ASSIGNED TASK -
At the line that holds "Zainetto in cotone", start repeating, and keep going exactly through the final line of the material; include both ends and skip the pictures.

THE INPUT -
************
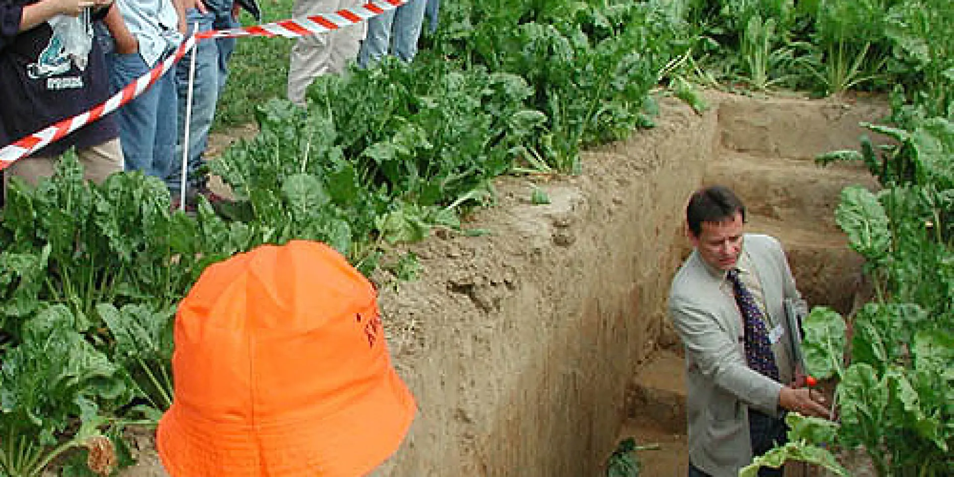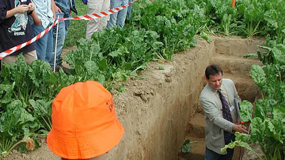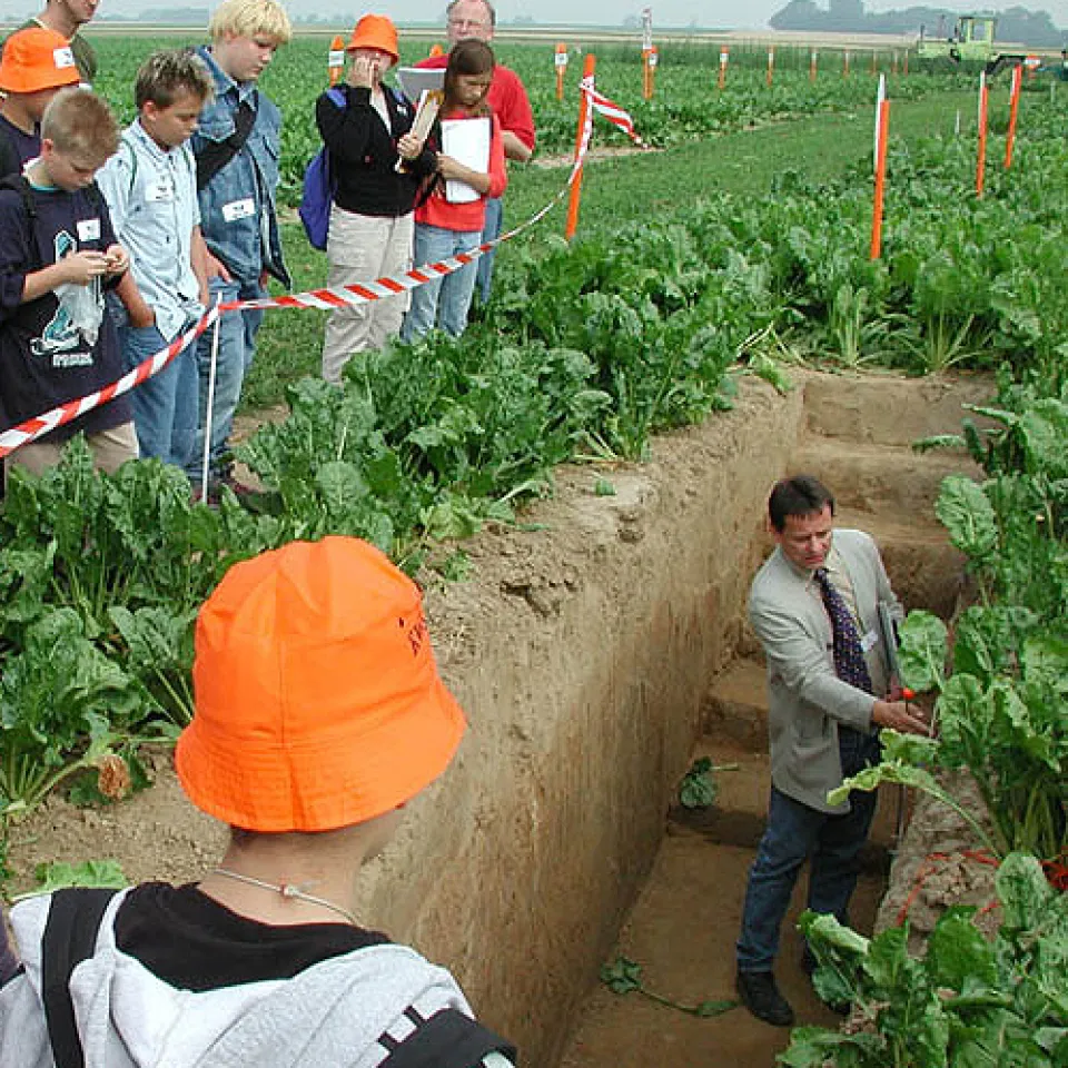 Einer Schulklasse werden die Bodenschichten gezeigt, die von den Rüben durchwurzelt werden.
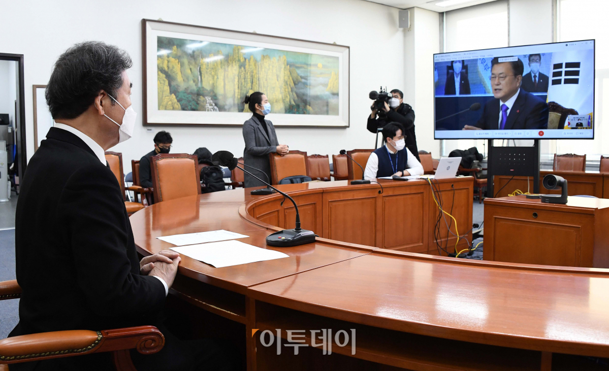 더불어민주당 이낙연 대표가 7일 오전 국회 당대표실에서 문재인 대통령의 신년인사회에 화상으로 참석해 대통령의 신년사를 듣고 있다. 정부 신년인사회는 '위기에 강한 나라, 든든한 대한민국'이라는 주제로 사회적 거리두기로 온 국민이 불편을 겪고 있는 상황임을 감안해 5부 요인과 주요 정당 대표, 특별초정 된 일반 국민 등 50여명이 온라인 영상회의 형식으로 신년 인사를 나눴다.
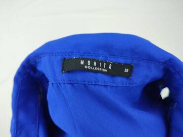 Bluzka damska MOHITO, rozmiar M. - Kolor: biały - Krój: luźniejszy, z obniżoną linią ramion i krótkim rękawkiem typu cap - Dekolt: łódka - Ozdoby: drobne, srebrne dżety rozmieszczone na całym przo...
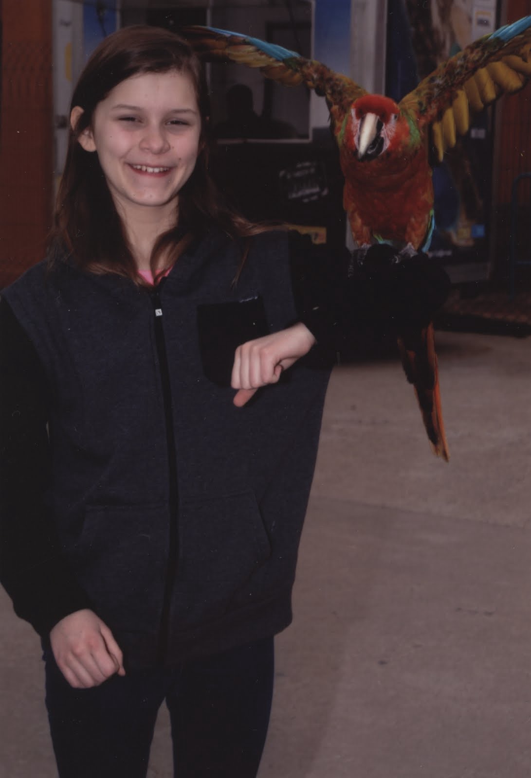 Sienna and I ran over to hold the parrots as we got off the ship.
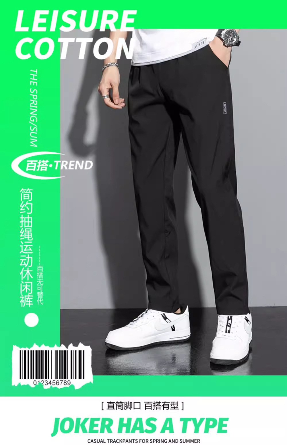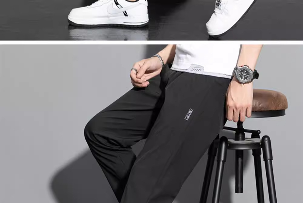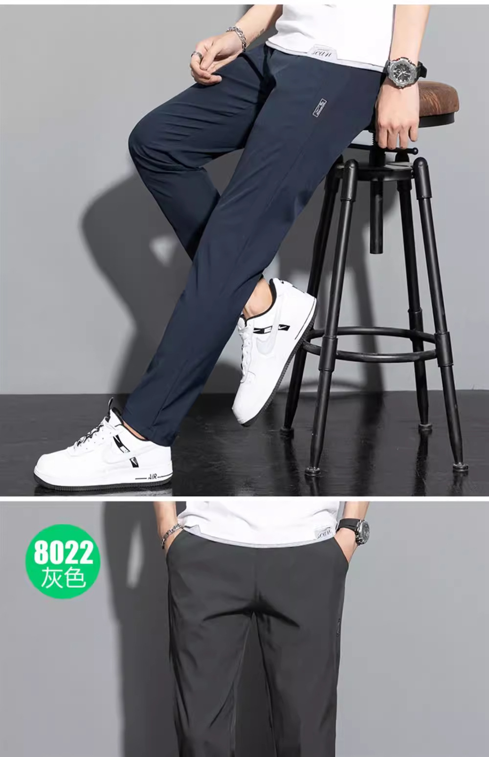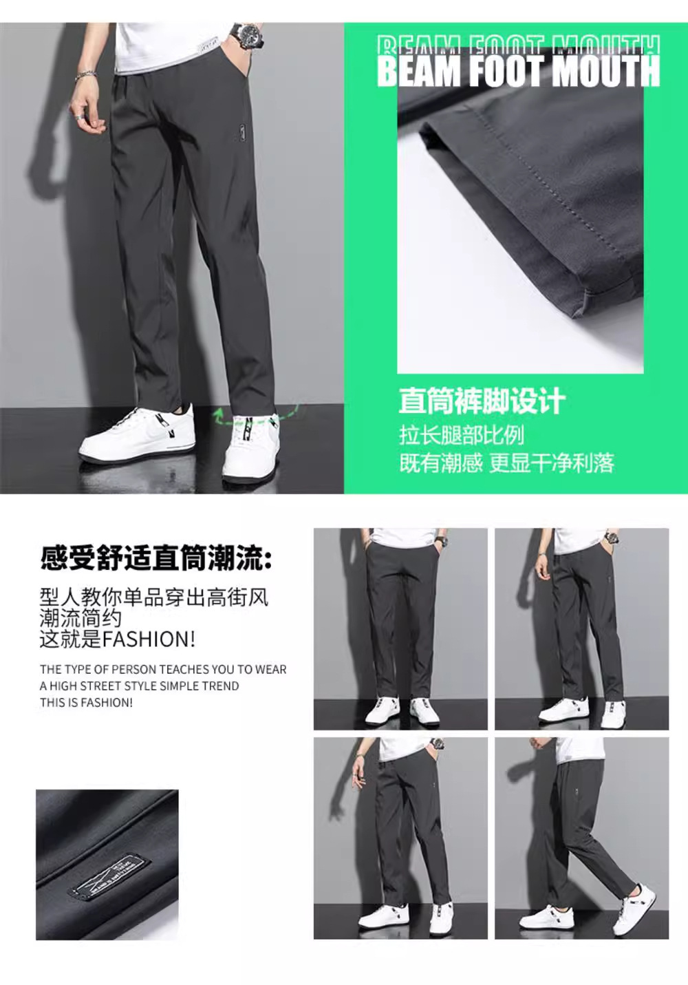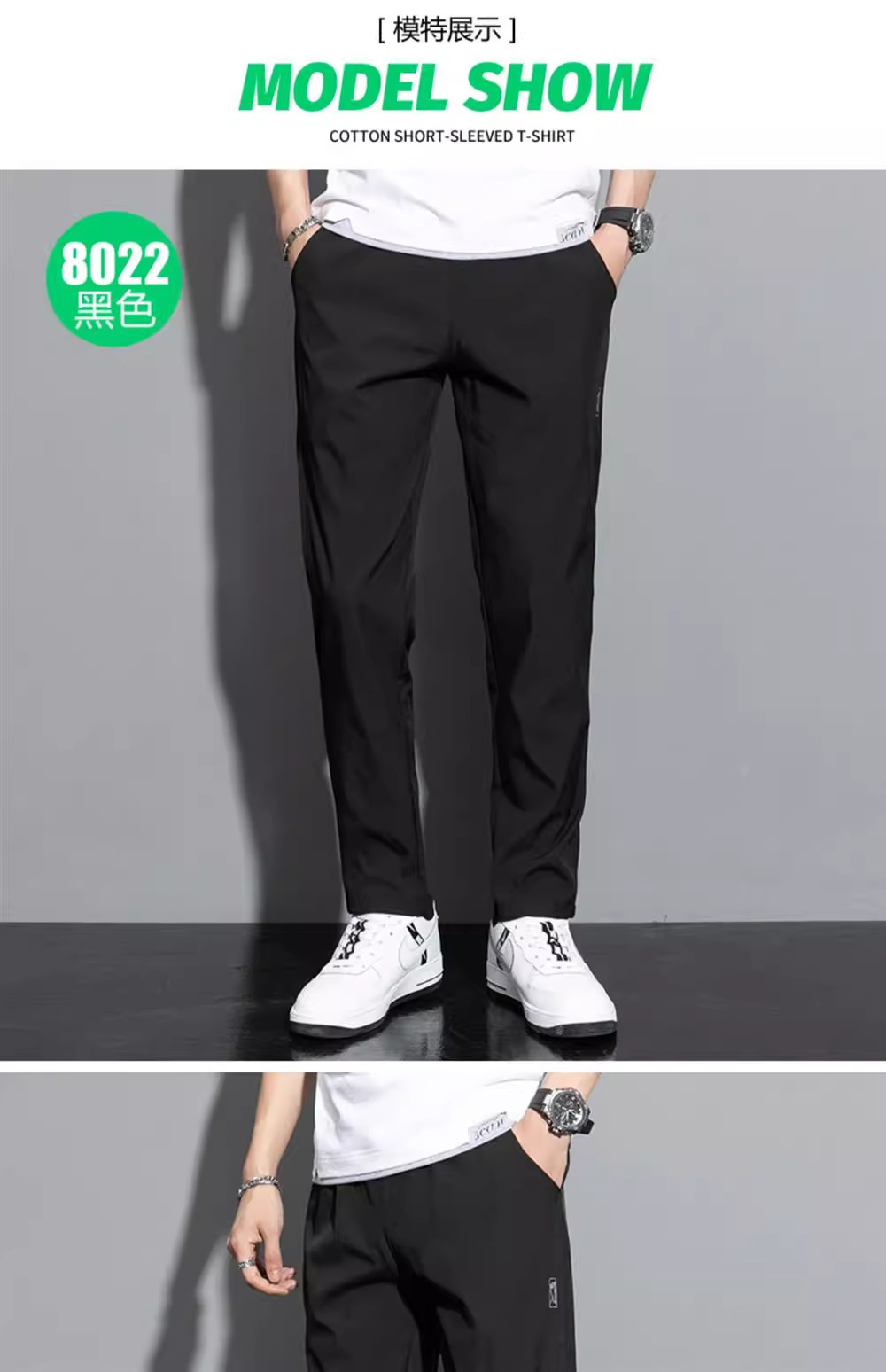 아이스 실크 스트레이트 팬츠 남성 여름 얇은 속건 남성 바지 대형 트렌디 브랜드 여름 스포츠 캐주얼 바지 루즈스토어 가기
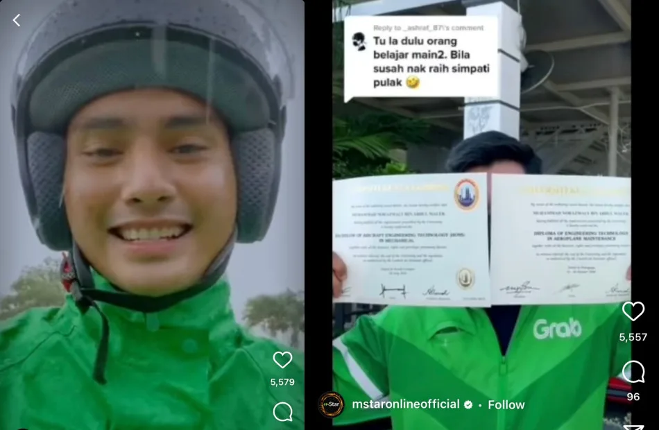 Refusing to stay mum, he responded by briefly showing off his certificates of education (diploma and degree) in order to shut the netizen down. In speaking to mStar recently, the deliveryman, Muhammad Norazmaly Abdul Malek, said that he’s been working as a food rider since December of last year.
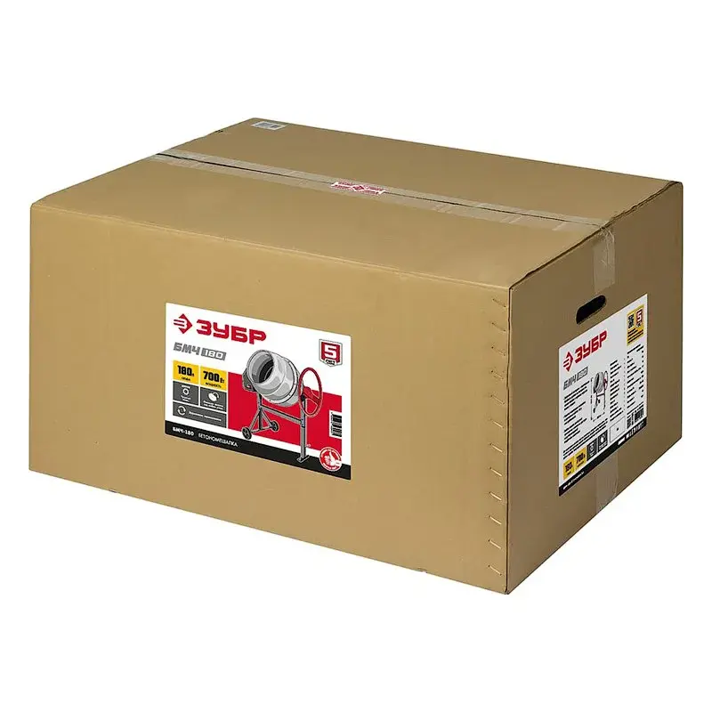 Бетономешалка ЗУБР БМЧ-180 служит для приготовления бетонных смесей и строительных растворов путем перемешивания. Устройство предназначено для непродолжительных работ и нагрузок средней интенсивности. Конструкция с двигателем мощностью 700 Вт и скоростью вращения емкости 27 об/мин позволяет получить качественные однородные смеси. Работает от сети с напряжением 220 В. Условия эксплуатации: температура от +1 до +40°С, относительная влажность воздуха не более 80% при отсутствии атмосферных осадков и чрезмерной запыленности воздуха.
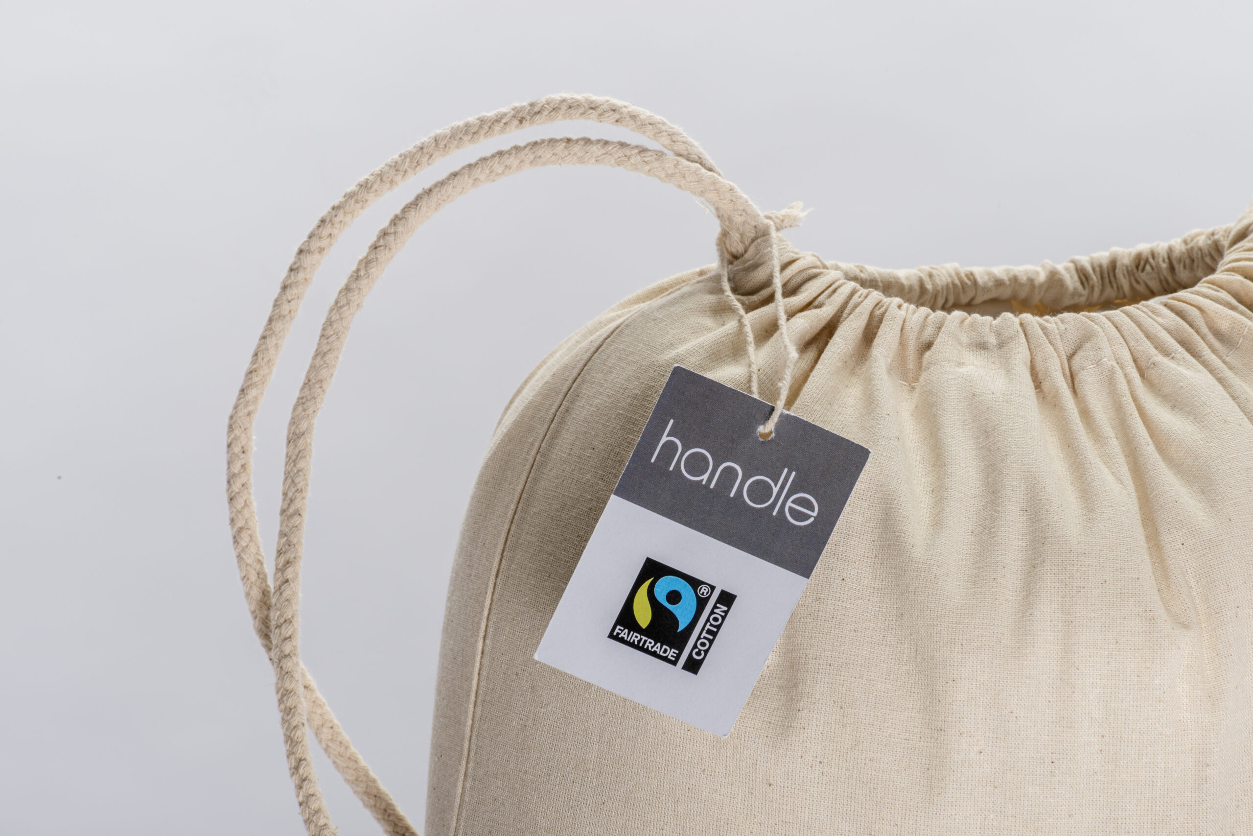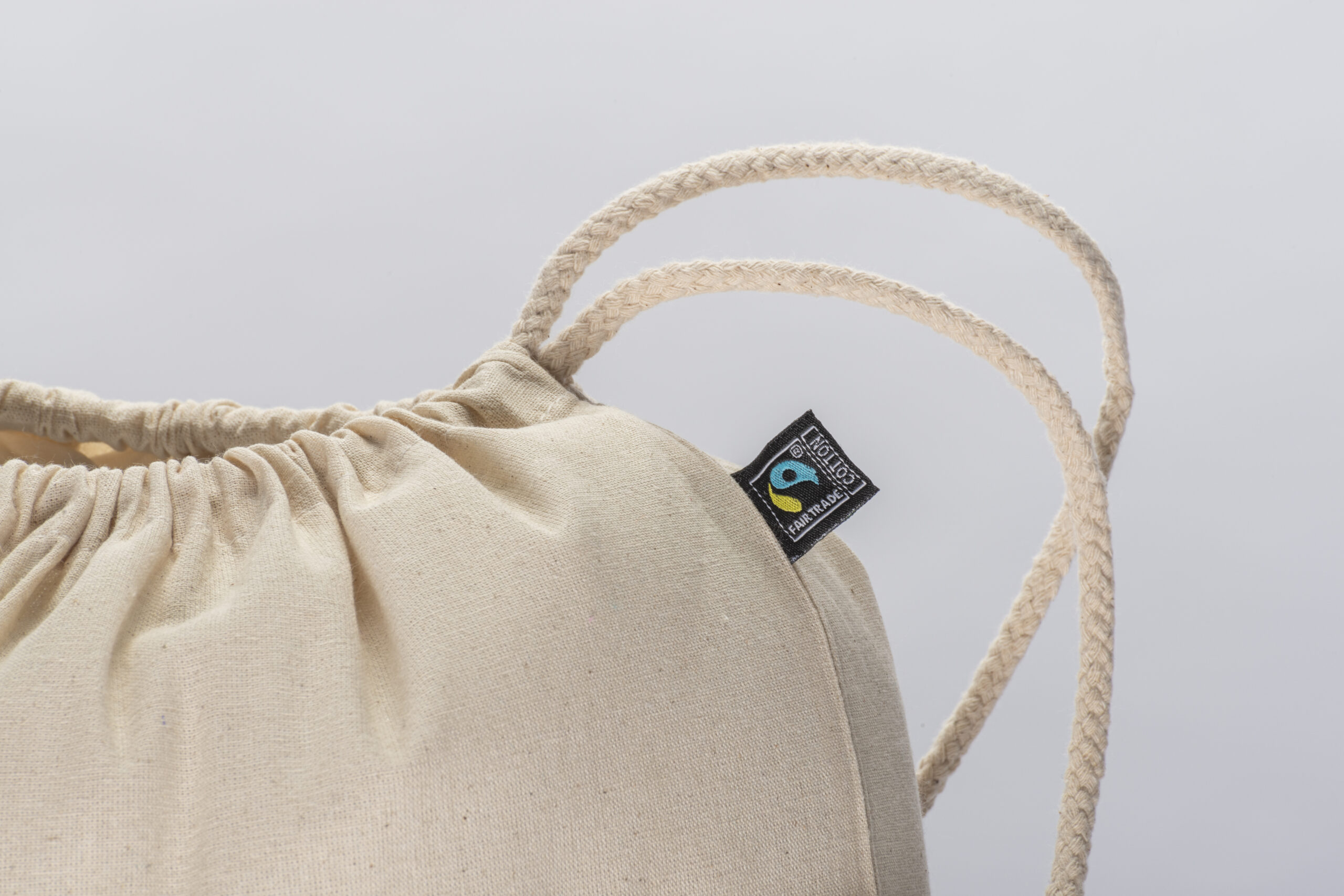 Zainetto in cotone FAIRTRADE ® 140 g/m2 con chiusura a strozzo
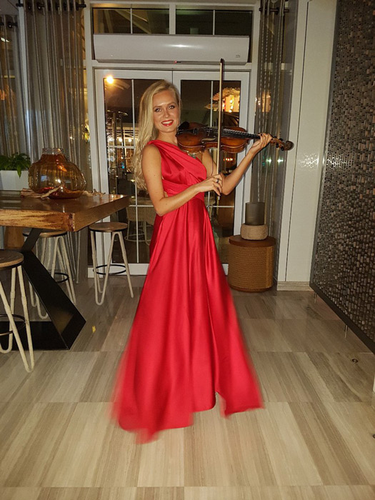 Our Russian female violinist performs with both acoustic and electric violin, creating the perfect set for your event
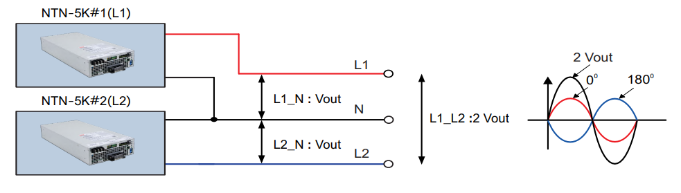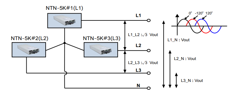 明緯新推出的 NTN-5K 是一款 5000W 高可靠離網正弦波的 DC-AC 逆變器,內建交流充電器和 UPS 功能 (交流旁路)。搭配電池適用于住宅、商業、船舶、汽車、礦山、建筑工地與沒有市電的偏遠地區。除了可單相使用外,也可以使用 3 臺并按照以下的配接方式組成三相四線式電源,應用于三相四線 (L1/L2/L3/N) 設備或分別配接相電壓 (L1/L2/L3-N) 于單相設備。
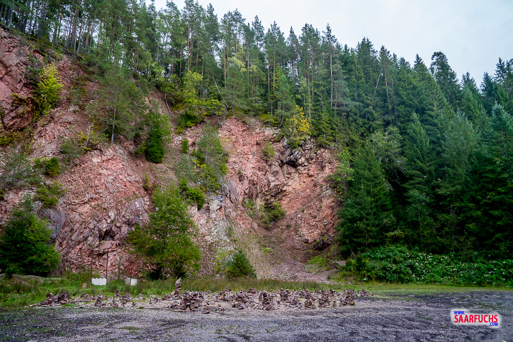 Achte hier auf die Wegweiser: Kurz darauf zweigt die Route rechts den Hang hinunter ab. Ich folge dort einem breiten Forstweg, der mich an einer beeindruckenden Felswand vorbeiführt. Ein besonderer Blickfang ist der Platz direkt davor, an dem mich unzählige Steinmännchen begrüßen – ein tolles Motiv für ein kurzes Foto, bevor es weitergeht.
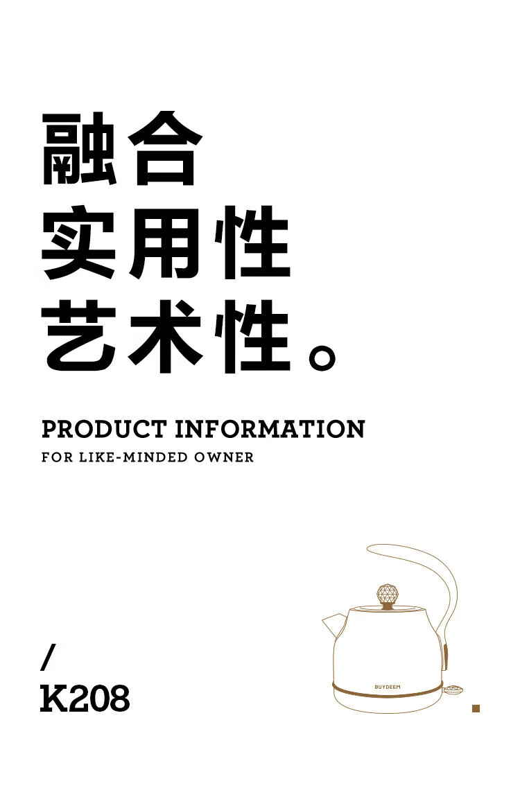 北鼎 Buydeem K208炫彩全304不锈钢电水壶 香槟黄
************
SOLUTION TO THIS TASK -
 Zainetto in cotone FAIRTRADE ® 140 g/m2 con chiusura a strozzo
 Our Russian female violinist performs with both acoustic and electric violin, creating the perfect set for your event
 明緯新推出的 NTN-5K 是一款 5000W 高可靠離網正弦波的 DC-AC 逆變器,內建交流充電器和 UPS 功能 (交流旁路)。搭配電池適用于住宅、商業、船舶、汽車、礦山、建筑工地與沒有市電的偏遠地區。除了可單相使用外,也可以使用 3 臺并按照以下的配接方式組成三相四線式電源,應用于三相四線 (L1/L2/L3/N) 設備或分別配接相電壓 (L1/L2/L3-N) 于單相設備。
 Achte hier auf die Wegweiser: Kurz darauf zweigt die Route rechts den Hang hinunter ab. Ich folge dort einem breiten Forstweg, der mich an einer beeindruckenden Felswand vorbeiführt. Ein besonderer Blickfang ist der Platz direkt davor, an dem mich unzählige Steinmännchen begrüßen – ein tolles Motiv für ein kurzes Foto, bevor es weitergeht.
 北鼎 Buydeem K208炫彩全304不锈钢电水壶 香槟黄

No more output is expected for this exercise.